The hand let go. "Oh. I thought that was tomorrow night."

"Damn, I wish it was. Dinner and a whole evening of Aunt Ina's gall bladder and Aunt Ina's bunions and Aunt Ina's palpitations. When I could be having palpitations of my own focusing on your mouth and your cock and that really tasty place on the back of your neck."

The fingers tightened on his thigh again--more firmly than before.

"How about I come over afterward?"

"But your mother will--"

"Yeah. You're right; she will. Besides, what I got in mind, we won't want to get out of bed for a week."

The hand caressed his thigh. Fraser looked wistful. "I wish we--I wish we--could be more--open--about our relationship."

Ray's heart did a flip-flop. "Yeah, so do I."

He pulled into a parking spot near Fraser's apartment building; they looked at each other for a minute. More open about the relationship meant hurting people Ray just couldn't bear to hurt.

The hand patted his thigh. "Come up for coffee?"

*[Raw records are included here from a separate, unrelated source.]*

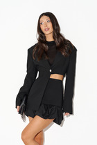 Жакет женский прямого силуэта из ткани костюмного ассортимента на подкладке. На полочке на уровне линии груди настрочены накладные карманы с клапанами, которые украшают декоративные пуговицы. Спинка разрезная. Рукав двухшовный. Горловина округлой формы. Застежка на пробивные петли и пришивные пуговицы.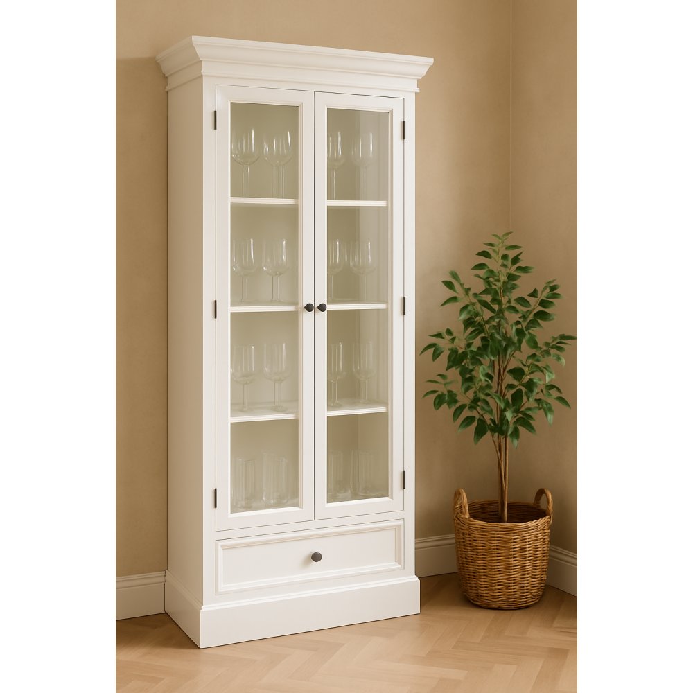 Vitrineskap i antikkhvitt med 2 dører i herdet glass, 3 hyller samt en skuff nederst.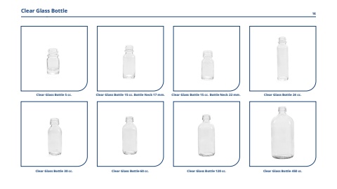 Clear Glass Bottle 30 cc.Clear Glass Bottle 5 cc.Clear Glass Bottle 15 cc. Bottle Neck 17 mm.Clear Glass Bottle 15 cc. Bottle Neck 22 mm.Clear Glass Bottle 24 cc.Clear Glass Bottle 60 cc.Clear Glass Bottle 120 cc.Clear Glass Bottle 450 cc.Clear Glass Bottle14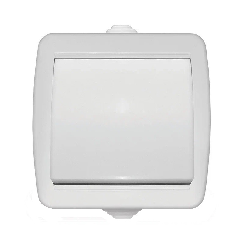 Выключатель о/у Клио К2221, 1 клавиша, б/инд, IP44, белый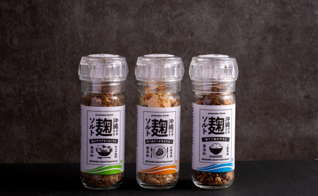 やえやまファームさまの「沖縄クラフト麹ソルトシリーズ」のパッケージを担当させていただきました。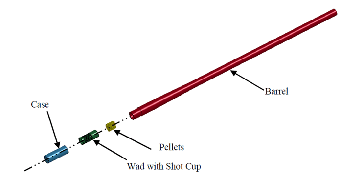 16. Uluslararası LS-DYNA konferansında Deng S, Wang J ve Wu T tarafından sunulan “ The Shotgun Interior Ballistic analysis by Discrete Element Methot (DEM) of LS-DYNA” adlı bildiride yazarlar Katı modelleme ile malzemeleri çizdikten sönra malzeme özelliklerini bilgisayar programına girerek değerlendirmişler: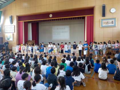 今月は,児童会目標の発表や委員会からの発表,各クラスの人権目標の発表など,盛りだくさんでした。今年度の計画委員会の子どもたちが初めて考えて,やってみた児童集会。みんなにしっかり伝えたい,聞いてもらいたいという思いからいろんな場面で工夫が見られました。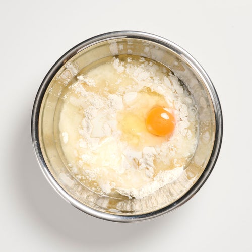 材料を滑らかになるまで混ぜます。スプリンクルをトッピング用に大さじ1杯取り分け、残りを生地に合わせてさっくり混ぜます。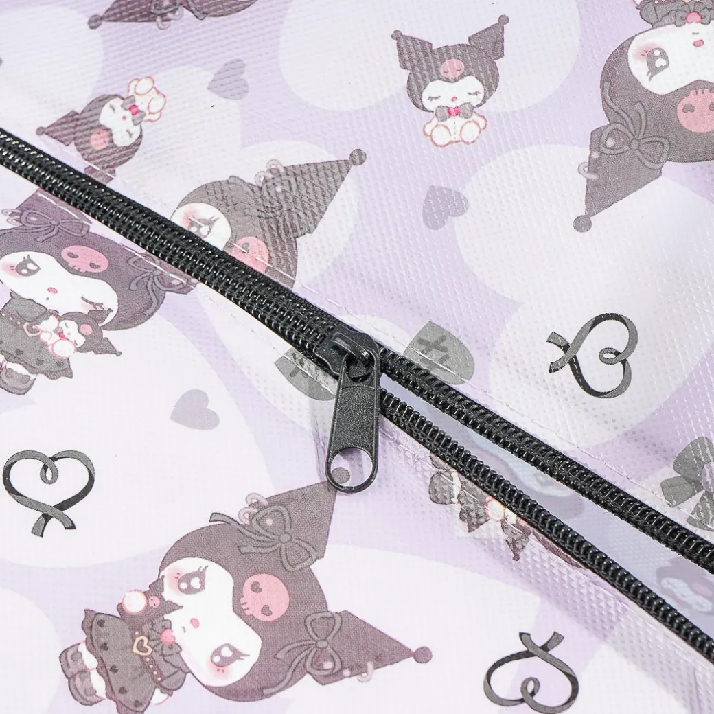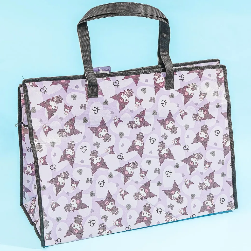 This kawaii bag is decorated with prints of Kuromi dressed as a Gothic Lolita doll! It features a zipper closure and has a large capacity so you can use it for traveling, picnics, or shopping. This bag is not machine-washable, but you can easily wipe it clean!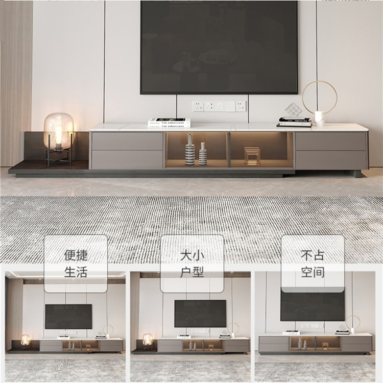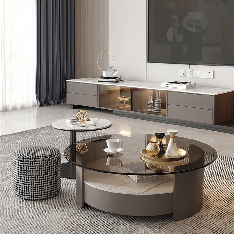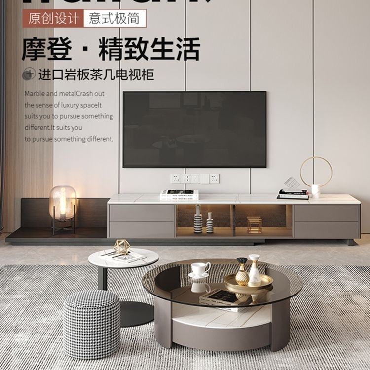 极简哑光岩板玻璃电视柜组合客厅家用圆形创意小户型地柜(劳伦白金)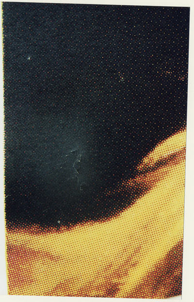 | Another damaged area not mentioned... Again, looking now at the photo of this poster Debi sent me during early discussions, I can now see that this damage was evident then too, knowing where to look, and not just a photographic aberation. |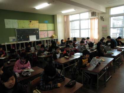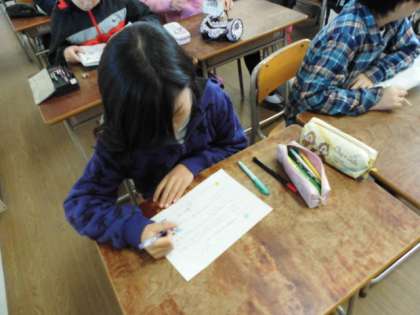 4年生では、昨日の囲碁教室の感想やお礼の手紙を書いていました。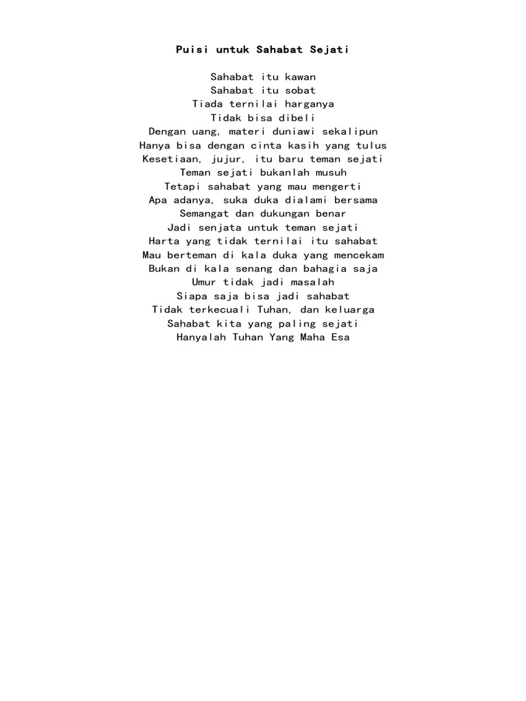Puisi sahabat istilah sahabat sering digunakan untuk menggambarkan tentang dekatnya dan menandakan adanya hubungan relationship yang sangat kental atau sohib dalam kamus gaulnya. Bermacam cara orang mengungkapkan makna puisi sahabat dan contohnya biasanya selalu diungkapkan degan. Sahabat tidak sekedar istilah sahabat biasanya teman perjalanan atau teman sepermainan atau teman sebaya. Kumpulan puisi persahabatan sejati puisi persahabatan. Kompilasi puisi persahabatan terbaru terbaik yang melukiskan indahnya makna persahabatan sejati dalam hidup ini. Oleh sebab itu sahabat seringkali dijadikan tema dalam suatu karya sastra termasuk puisi.
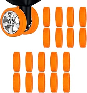 اغطية عجلات شنط الامتعة من السيليكون 16 قطعة واقية لعجلات وتقليل الضوضاء للنساء والرجال برتقالي بلاستيك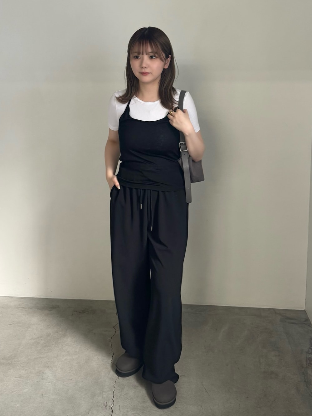 レイヤードアイテムのキャミソールを使ったコーデ♪ 夏場は半袖やタンクトップ合わせで秋口にはロンTとレイヤードできるから様々なコーデを楽しめちゃいます◎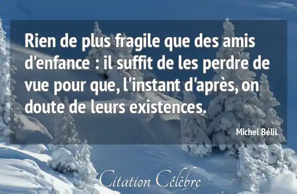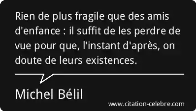Rien de plus fragile que des amis d'enfance : il suffit de les perdre de vue pour que, l'instant d'après, on doute de leurs existences.

Oh, yeah--he could come up for coffee.

Coffee took time, of course: all that water to heat. And waiting for water to heat, a guy had to find something to occupy his time. And his hands. And his mouth.

And so the next thing a guy knew, he was on the floor, pants to his knees, with Fraser under him, clutching his ass and gasping "Ray" and "yes" and "there" and "oh" while his cock slid against a hot, naked belly softer than any rose petal and he did some clutching and gasping of his own and all the water in the pan boiled clean away.

Fraser's gentle thoroughness cleaning Ray's belly and cock afterward with a wet washcloth was almost foreplay all over again. Ray reached for the back of Fraser's neck, brought his mouth down for a kiss that could have ignited a dead sun. Damn, he loved coffee.

Somehow it wasn't quite the same beverage later on that night at Aunt Ina's house.